There is no Rafah workaround
Amid escalating disputes between Israel and the US, and following meetings in Cairo with the foreign ministers of Egypt, Saudi Arabia, Qatar, Jordan, and the United Arab Emirates, Antony Blinken made a short visit to Israel. Meanwhile, meetings will be held in Washington with Minister Ron Dermer and the Head of the National Security Council Tzachi Hanegbi with their counterparts in the White House, as well as between Defense Minister Yoav Gallant and his counterpart Lloyd Austin.
The Americans will seek to discuss alternatives to an Israeli military operation in Rafah. They will not disagree on the necessity of dismantling Hamas’ Rafah Brigade, with its four battalions, in order to defeat the terrorist organization. They will also support the demand for effective control over the border with Egypt to prevent arms smuggling into the Gaza Strip but will argue that in the cost-benefit analysis, it would be best if Israel took a different course of action.
They will likely president an alternative to a large-scale military operation in the form of a “package” that will include several components: First, American support for Israeli offensive air operations and limited ground raids on targets in the Rafah area; second – resources, commitments and a mechanism for Israeli-Egyptian coordination, with the support of the US and other countries, to prevent smuggling along the border. This package of support, they believe, will make it possible to properly do the job against Hamas.
As for toppling Hamas – the entry of Palestinian Authority elements into the Strip is likely their envisioned solution. The way they see it, having the PA run civilian affairs inherently means that Hamas is no longer in power.
No basis for optimism
In order to advance this or similar proposals, additional concessions will likely be offered that are not necessarily related to Gaza. The option of normalizing relations with Saudi Arabia will resurface too.
Past experience does not provide a basis for optimism regarding the prospects of such a proposal: It is not possible to uproot Hamas and strip it of its military capabilities solely through air operations or limited raids. These patterns can be used to preserve what will be achieved in the large-scale ground operation, but not to replace it.

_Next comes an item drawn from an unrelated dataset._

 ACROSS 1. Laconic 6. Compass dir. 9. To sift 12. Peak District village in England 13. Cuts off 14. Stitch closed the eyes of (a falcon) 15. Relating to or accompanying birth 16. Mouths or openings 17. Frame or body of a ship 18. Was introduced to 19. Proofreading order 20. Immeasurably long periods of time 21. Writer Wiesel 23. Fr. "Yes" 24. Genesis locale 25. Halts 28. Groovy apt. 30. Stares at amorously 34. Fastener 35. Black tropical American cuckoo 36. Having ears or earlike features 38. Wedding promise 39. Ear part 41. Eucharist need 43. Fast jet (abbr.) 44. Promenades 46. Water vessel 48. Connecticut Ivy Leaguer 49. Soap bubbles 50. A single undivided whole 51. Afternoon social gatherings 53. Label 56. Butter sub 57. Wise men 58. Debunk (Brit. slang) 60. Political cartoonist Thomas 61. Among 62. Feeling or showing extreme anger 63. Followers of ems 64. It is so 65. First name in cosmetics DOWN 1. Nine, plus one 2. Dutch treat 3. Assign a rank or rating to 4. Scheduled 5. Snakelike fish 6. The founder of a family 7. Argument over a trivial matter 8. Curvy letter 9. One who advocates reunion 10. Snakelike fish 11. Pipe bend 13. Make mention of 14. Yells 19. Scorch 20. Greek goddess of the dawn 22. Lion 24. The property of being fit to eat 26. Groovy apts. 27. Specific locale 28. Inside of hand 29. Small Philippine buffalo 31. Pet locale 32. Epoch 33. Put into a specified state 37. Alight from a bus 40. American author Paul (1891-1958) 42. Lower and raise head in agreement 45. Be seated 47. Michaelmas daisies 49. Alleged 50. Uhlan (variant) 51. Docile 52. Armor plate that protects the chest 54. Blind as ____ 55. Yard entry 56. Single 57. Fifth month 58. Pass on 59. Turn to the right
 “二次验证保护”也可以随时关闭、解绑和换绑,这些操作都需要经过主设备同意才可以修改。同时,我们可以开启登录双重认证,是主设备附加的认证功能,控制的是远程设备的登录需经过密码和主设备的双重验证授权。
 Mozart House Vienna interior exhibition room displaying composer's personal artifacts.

As for international mechanisms to prevent the smuggling of weapons – such initiatives have been attempted for years, since the days of “Operation Cast Lead”. As early as 2009, Israel signed an agreement with the US, in cooperation with NATO, to prevent arms smuggling into the Gaza Strip, with regional cooperation, training and monitoring measures, and increased sanctions on the Hamas government.

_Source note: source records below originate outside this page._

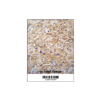 - KRBA2 Antibody (Center) (Cat. #OAAB07677)immunohistochemistry analysis in formalin fixed and paraffin embedded m.heart tissue followed by peroxidase conjugation of the secondary antibody and DAB staining.This data demonstrates the use of KRBA2 Antibody (Center) for immunohistochemistry. Clinical relevance has not been evaluated.
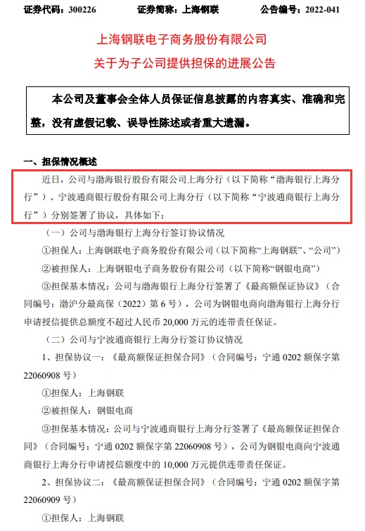 7月1日消息,上海钢联电子商务股份有限公司(以下简称上海钢联或公司)日前发布关于为子公司提供担保的进展公告(以下简称公告)。
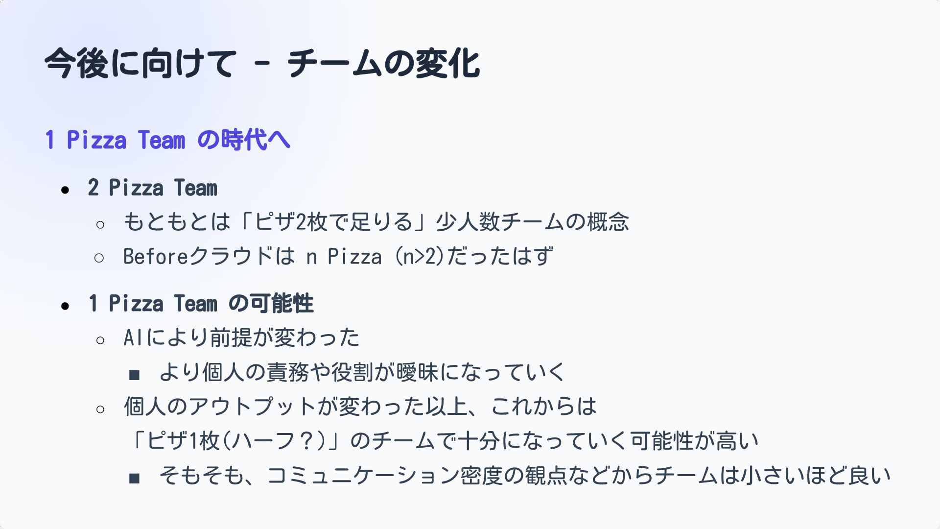 ◦ Beforeクラウドは n Pizza (n>2)だったはず • 1 Pizza Team の可能性 ◦ AIにより前提が変わった ▪ より個人の責務や役割が曖昧になっていく ◦ 個人のアウトプットが変わった以上、これからは 「ピザ1枚(ハーフ?)」のチームで十分になっていく可能性が高い ▪ そもそも、コミュニケーション密度の観点などからチームは小さいほど良い 今後に向けて - チームの変化
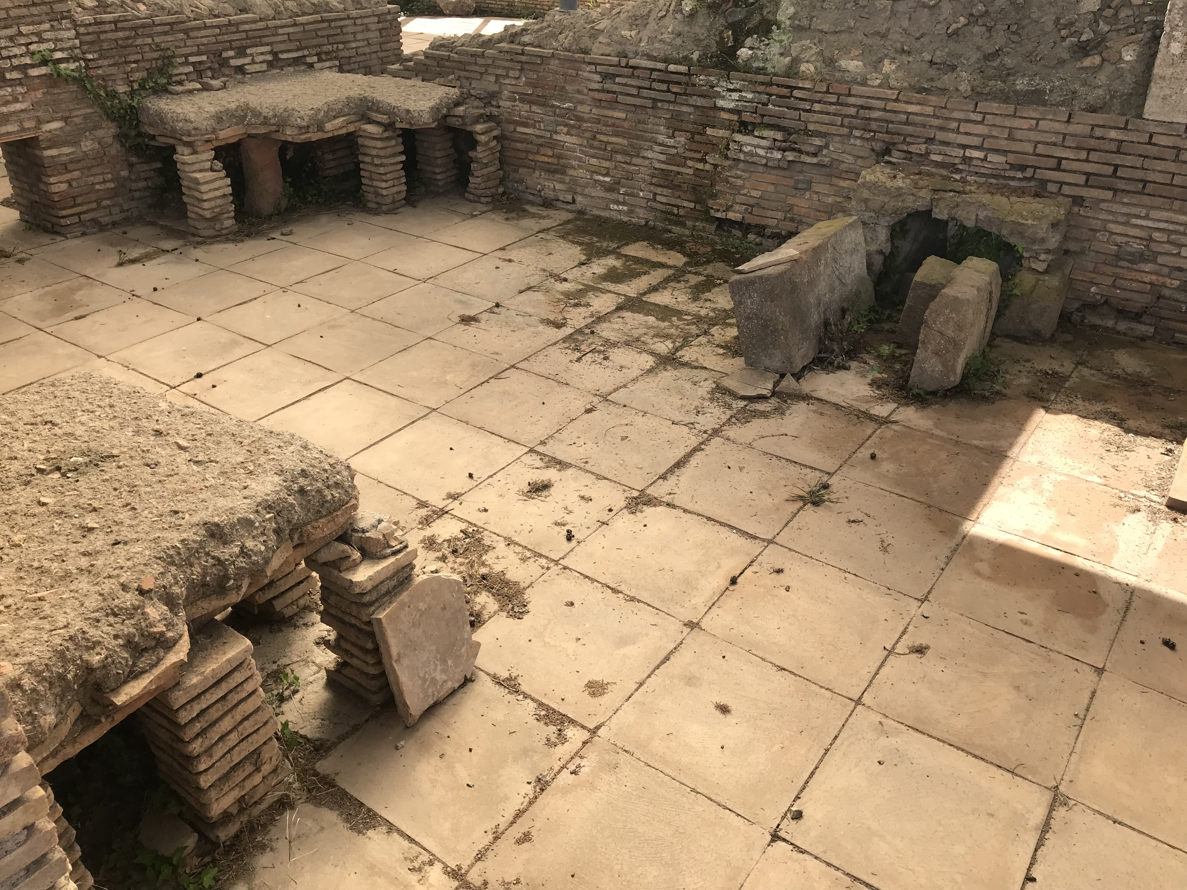 L: Remains of the hypocaust in the baths of Ferentum, in Lazio (photo Allison Smith).
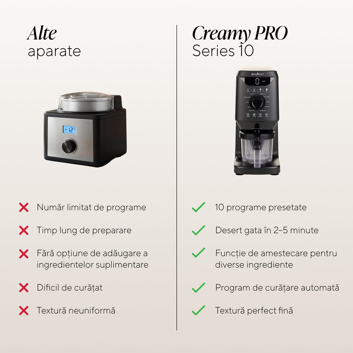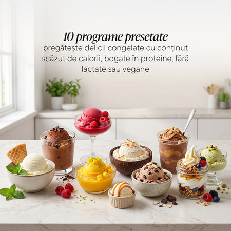 - Control deplin asupra ingredientelor – prepari deserturi congelate cu puține calorii, bogate în proteine, fără lactoză sau vegane
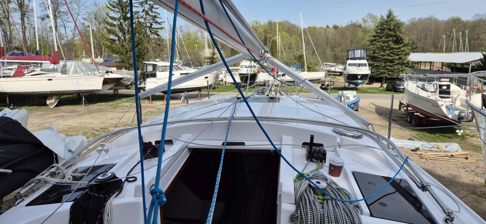 Dobry stan, bogate wyposażenie: ogrzewanie, log + autopilot, ploter z echem, VHF, żagle ~45 m²
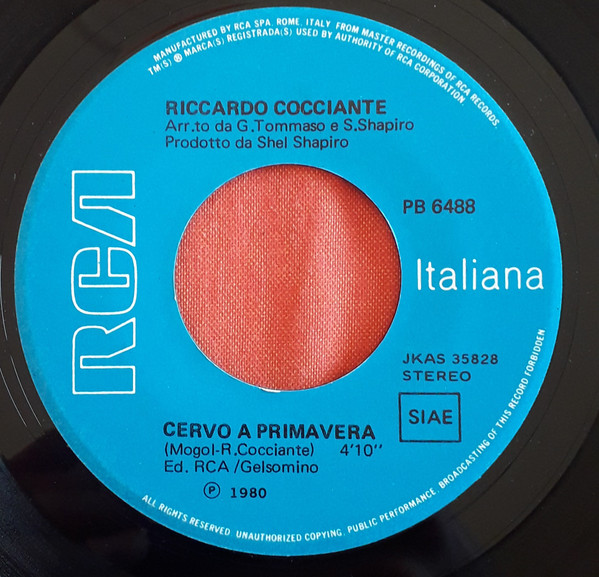 Vinyl / Riccardo Cocciante - Cervo A Primavera / Il Sufflè Con Le Banane
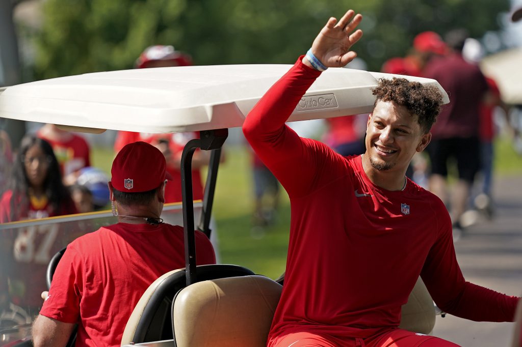 Kansas City Chiefs quarterback Patrick Mahomes waves to fans after NFL football training camp Sunday, July 23, 2023, in St. Joseph, Mo. (AP Photo/Charlie Riedel)
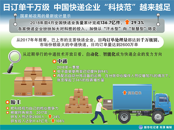 圖表:日訂單千萬級 中國快遞企業“科技范”越來越足 新華社記者 肖瀟 編制
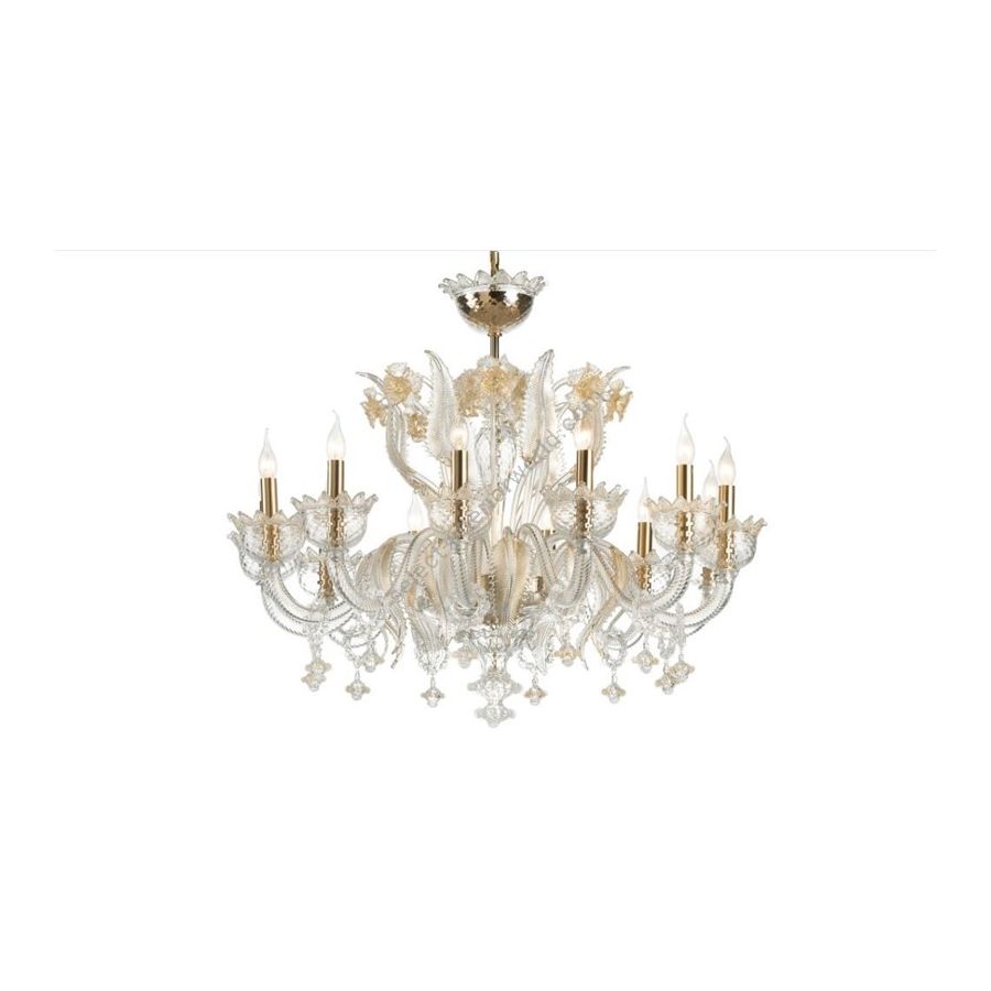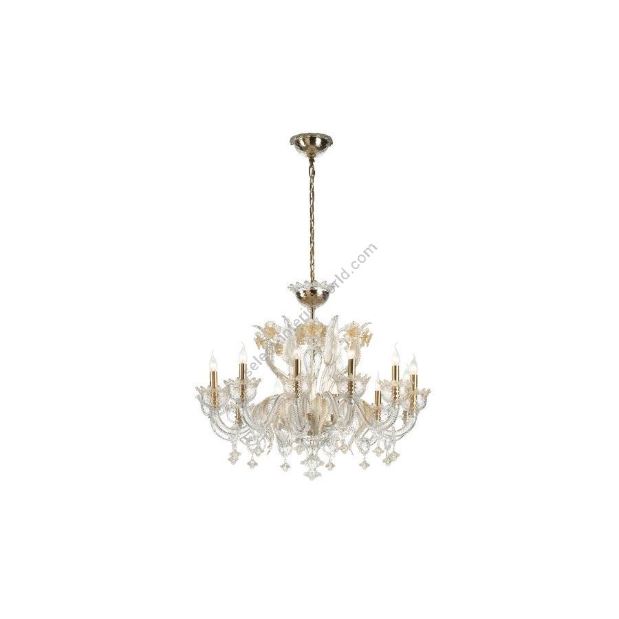 Murano Glass chandelier transparent with decoration in transparent + gold powder. Lighting item that diffuses the light with great effect in the surrounding environement creating a warm and welcoming atmosphere.

Even then, Washington had hoped that such an agreement “would somewhat ease the pressure on Israel to continue the military operation and instill confidence ahead of the change of administration in Washington,” as Tal Schneider wrote in NRG at the time. However, despite the good intentions and serious commitments made – the attempts failed miserably. There is no reason to assume that the results will be different this time.
The slim chances of replacing the Hamas government in this way can also be learned from a poll published this week: According to its findings, more than half of the residents of the strip prefer Hamas to remain in power, and an overwhelming majority still supports the Oct. 7 atrocities.

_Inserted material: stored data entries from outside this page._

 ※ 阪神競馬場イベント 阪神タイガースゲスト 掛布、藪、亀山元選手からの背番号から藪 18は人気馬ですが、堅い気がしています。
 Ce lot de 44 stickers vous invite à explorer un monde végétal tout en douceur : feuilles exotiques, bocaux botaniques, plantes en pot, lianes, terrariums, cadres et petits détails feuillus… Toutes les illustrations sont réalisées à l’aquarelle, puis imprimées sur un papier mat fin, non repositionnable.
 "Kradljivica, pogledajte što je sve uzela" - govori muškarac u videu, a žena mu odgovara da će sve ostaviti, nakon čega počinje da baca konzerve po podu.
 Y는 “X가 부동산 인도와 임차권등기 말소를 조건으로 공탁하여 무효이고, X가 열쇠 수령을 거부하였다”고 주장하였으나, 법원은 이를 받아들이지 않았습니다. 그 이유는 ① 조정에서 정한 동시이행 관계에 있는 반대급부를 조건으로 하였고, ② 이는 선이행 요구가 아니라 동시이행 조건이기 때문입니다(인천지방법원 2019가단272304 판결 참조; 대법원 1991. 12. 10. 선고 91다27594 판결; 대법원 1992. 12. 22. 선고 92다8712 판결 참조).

If this is the proposal, then Israel must stick to its guns by fighting until the goals are fully achieved.
Profile of the “day after”
While the diplomatic tensions over the continuation of the war and the preparation for the operation in Rafah are increasingly felt, the military activity on the ground – within the current framework of the fighting – continues to deliver results. Although it is not a substitute for the operation in Rafah, it increases the pressure on the enemy, makes it difficult for Hamas to recover, and shapes the “day after”.
The large number of terrorists arrested or hit during the IDF raid on Shifa Hospital in Gaza shows how confident they felt returning and hiding within its walls. They probably assumed that the IDF, in its current deployment in the strip, would not return to operate in this sensitive place, especially as the political pressure on Israel intensified.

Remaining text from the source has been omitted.